Whether you've been away for one year or ten, there is every chance that you've forgotten exactly what you had to do when you left Australia and just how much is involved when moving country. Repatriation can be especially disruptive for families and, if you've been away for a while, maybe there are a few more members to take care of this time around.
It's good to start planning 3 months or so in advance. Some things may even need to be planned further in advance. For example, notice periods on rental properties cannot always be broken at short notice.
1. Finances: Plan your finances, making sure there are available funds in Australia in a current account from which you can make and receive payments. Decide what, if any, accounts you need to retain in the host country. Keeping one open that can be operated via internet and from which you can make international transfers is a great idea, especially if there are outstanding things you need to do after you've left.

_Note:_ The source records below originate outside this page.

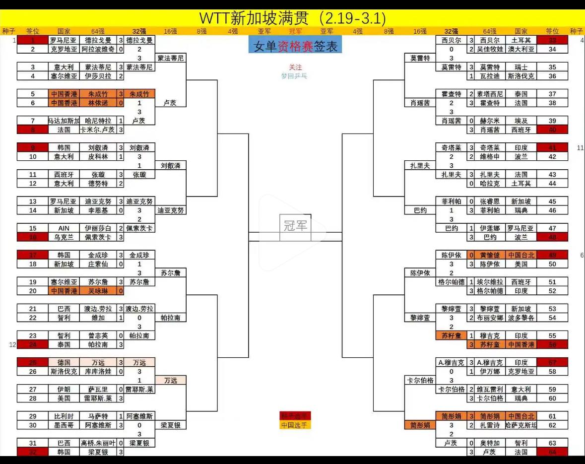 新加坡大满贯资格赛男女单打16强出炉 新加坡大满贯资格赛经过 两天半的激烈角逐, 男女单打16强选手出炉, 今天晚上将决出男女 各8名选手晋级正赛! 正赛预留男女各8个席位是 资格赛选手! 女单简彤娟,万远,卢茨, 帕拉南等,最后也是排名 靠前的选手晋级正赛! 男单资格赛选手门科, 张佑安,奇里塔,罗伯勒斯等 都有晋级正赛的机会!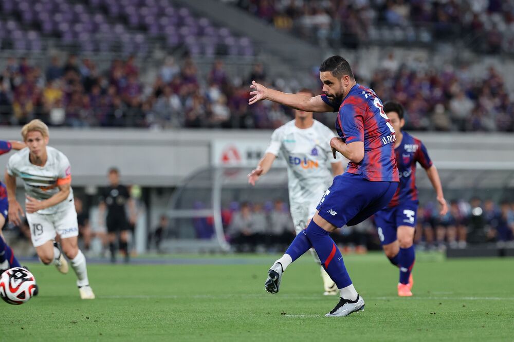 想要發起攻勢的東京隊在上半場25分鐘時,接到Henrique TREVISAN選手的縱向傳球的仲川選手在場中央轉身加速。帶球向前推進的同時,送出銳利的縱向直塞球,強勢突出的Diego OLIVEIRA選手在試圖晃過守門員時被犯規,獲得了點球。背號9如往常般以細膩的步伐晃過對方守門員,將球送入右下角,成功追回一分。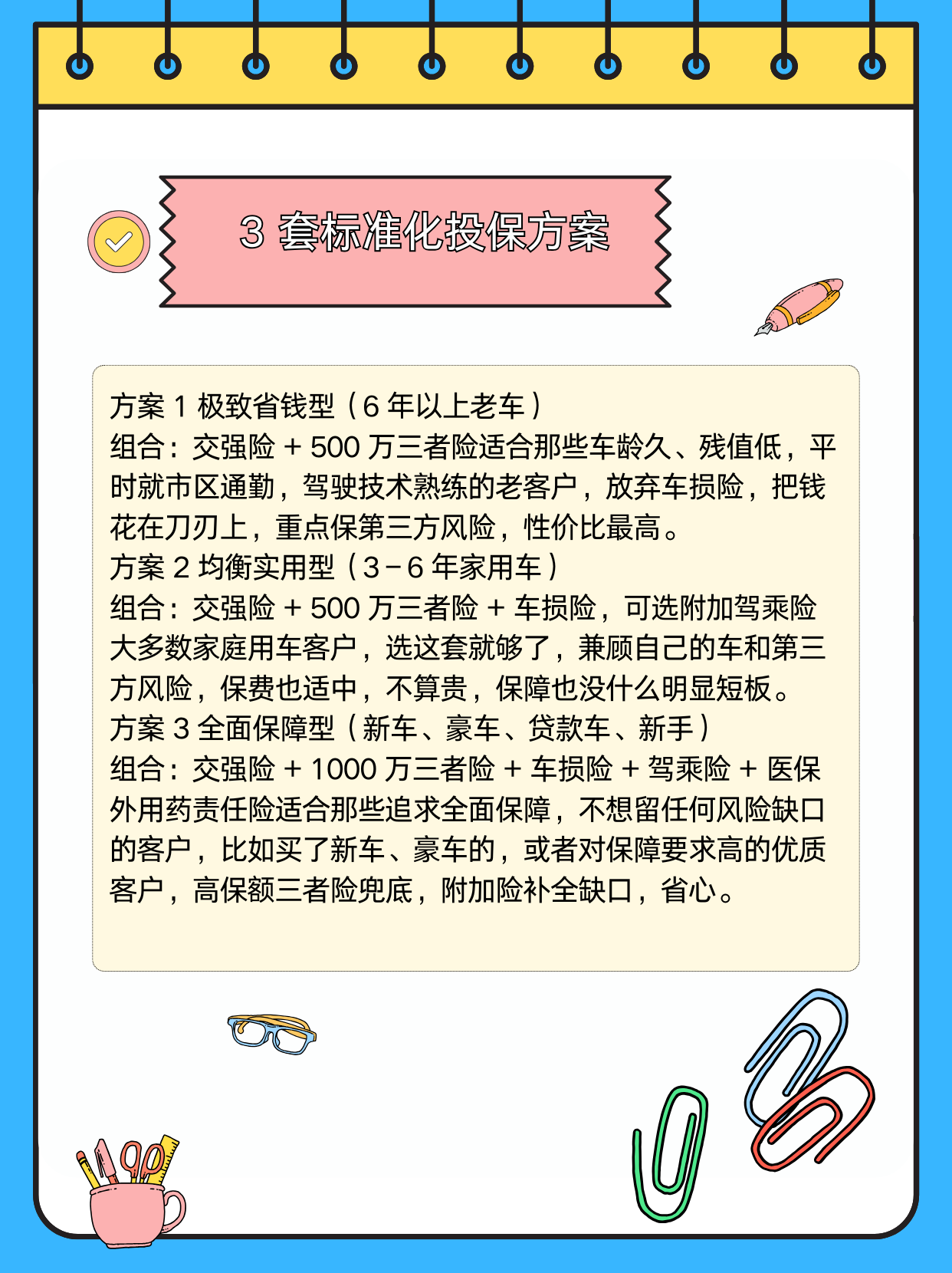 平时跟客户沟通,我整理了 3 套标准化的投保方案,不用每次都重新算、重新说,按客户的车龄、需求对号入座就行,省了不少事,同行们也能直接用。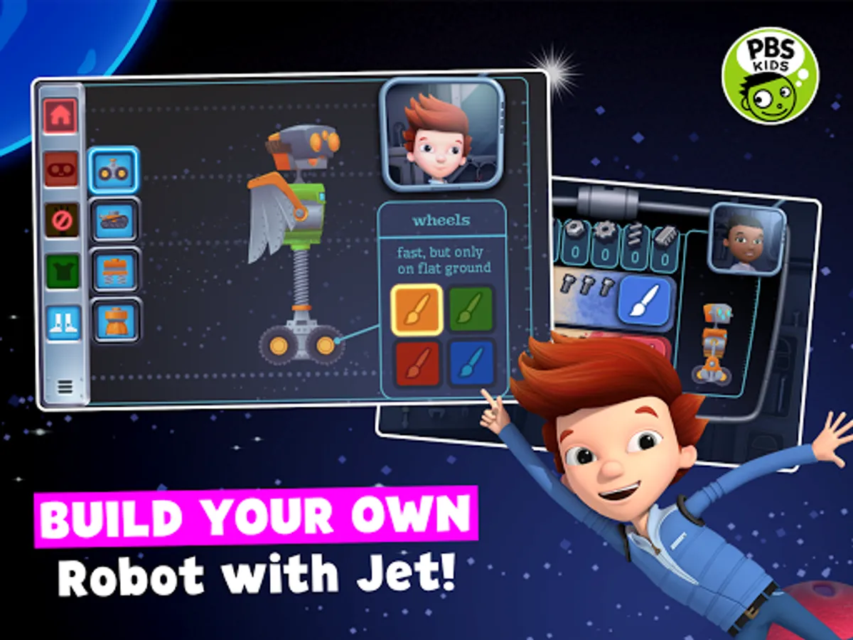 Kids can build their own robot with Jet and his friends! Explore the solar system with “Ready, Jet, Go!” and enjoy learning games that teach science, engineering and problem-solving skills.

2. Tax: Plan you tax arrangements. Depending on the country, you may have been filing tax returns in both the host country and in Australia. Make sure the tax authorities know you are leaving, and arrange for an agent to help complete your tax return.
3. Freight & Insurance: Choose a reputable freight company. The cheapest is not necessarily the best. As part of this, arrange freight insurance. The freight company will usually provide one with their quotation. Make an inventory of everything you are packing with approximate valuations. Make sure you also have travel insurance as you may be travelling with a lot of your most valuable possessions. Check that the policy limits are appropriate for your valuable items.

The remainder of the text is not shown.